37.Which of the following is not an application of conservation of linear momentum?

( A ) While firing a bullet, the gun must be held tight to the shoulder

( B ) When a man jumps from a boat to the shore

( C ) A rocket explodes on midway from the ground

( D ) A body suspended from the hook of a spring balanced in a lift which is accelerated downward

Ans – ( C )

38. When unbalanced forces act on a body, the body:

( A ) Must move with uniform velocity

( B ) Must remain at rest

( C ) Must experience acceleration

( D ) Must move in a curved path

Ans – ( C )

39.When we stop pedalling, the bicycle begins to slow down.
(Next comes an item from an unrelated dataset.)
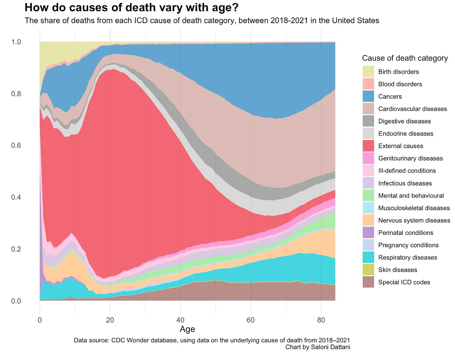 이 시각화는 미국의 2018-2021년 연령별 사망 통계를 활용한 100% 누적 영역 차트입니다. X축에 10대 단위의 연령대를 표시하고, Y축의 끝을 100%로 설정하여 연령대별 사망 원인 비율을 표시했는데요! 오른쪽 범례를 참고하여 18가지의 사망 원인을 색으로 구분할 수 있습니다. 이 시각화에서 가장 눈에 띄는 부분은 외부 요인(External causes)를 나타내는 붉은색 영역인데요! 20대에서 가장 큰 비율을 가지다 연령이 높아짐에 따라 점점 작아지는 모습을 볼 수 있습니다. 반면 암(Cancers)을 나타내는 푸른색 영역과 바로 붙어있는 심혈관 질환(Cardiovascular diseases)을 나타내는 분홍색 영역은 20대에서 비교적 작지만 6-80대에서는 가장 크게 확장하는 것을 볼 수 있습니다. 20대에서는 암과 심혈관 질환보다 외부 요인으로 인해 사망하는 비율이 더욱 크고, 고령층에선 외부 요인보다 암과 심혈관을 비롯한 다른 이유로 사망하는 경우가 많다고 해석할 수 있어요.

This is because of the

( A ) Frictional force acting along the direction of motion of bicycle

( B ) Air resistance which is in the direction of motion

( C ) Frictional force acting opposite to the direction of motion of bicycle by the road

( D ) Nature of the bicycle to stop after some time

Ans – ( D )

40. A man throws a ball weighing 200 g vertically upwards with a speed of 10m/s. Its momentum at the highest point of its flight will be:

( A ) 2 kg. m/s

( B ) 2000 kg.m/s

( C ) Insufficient data to find the momentum.

( D ) zero

Ans – ( D )

41.Inertia is the property of a body by virtue of which, it cannot change by itself

( A ) its state of rest

( B ) its steady state of uniform motion

( C ) its direction of motion

( D ) all of these.

Ans – ( D )

42. A force of ‘P* N acts on a particle so as to accelerate it from rest to a velocity ‘v’ m/s. The force ‘P’ is then replaced by ‘Q’ N which decelerates it to rest.

( A ) P may be equal to Q

( B ) P must be equal to Q

( C ) P must be unequal to Q

( D ) none of these

Ans – ( A )

43.An athlete does not come to rest immediately after crossing the winning line due to the

( A ) inertia of motion

( B ) inertia of rest

( C ) inertia of direction

( D ) none of these

Ans – ( A )

44. When a force is exerted on an object, it can change its:

( A ) State

( B ) Position

( C ) Shape

( D ) All the above

Ans – ( D )

45.A bullet of mass A and velocity B is fired into a wooden block of mass C. If the bullet gets embedded in the wooden block, then the magnitude of velocity of the system just after the collision will be

( A ) A+BAC

( B ) A+CB+C

( C ) ACB+C

( D ) ABA+C

Ans – ( D )

46. What force can change the velocity of a body of mass 1kg from 20 m/s to 30m/s in 2 seconds?

( A ) 10 N

( B ) 15 N

( C ) 5 N

( D ) 25 N

Ans – ( C )

47.The masses of two bodies are in ratio 5 : 6 and their velocities are in ratio 1 : 2. Then their linear momentum will be in the ratio

( A ) 5 : 6

( B ) 1 : 2

( C ) 12 : 5

( D ) 5 : 12

Ans – ( D )

48.One way that you can recognize that a force is acting on an object:

( A ) is to note any change in the objects state of motion.

( B ) is to determine its mass at different locations.

( C ) is to measure the instantaneous velocity of a moving object.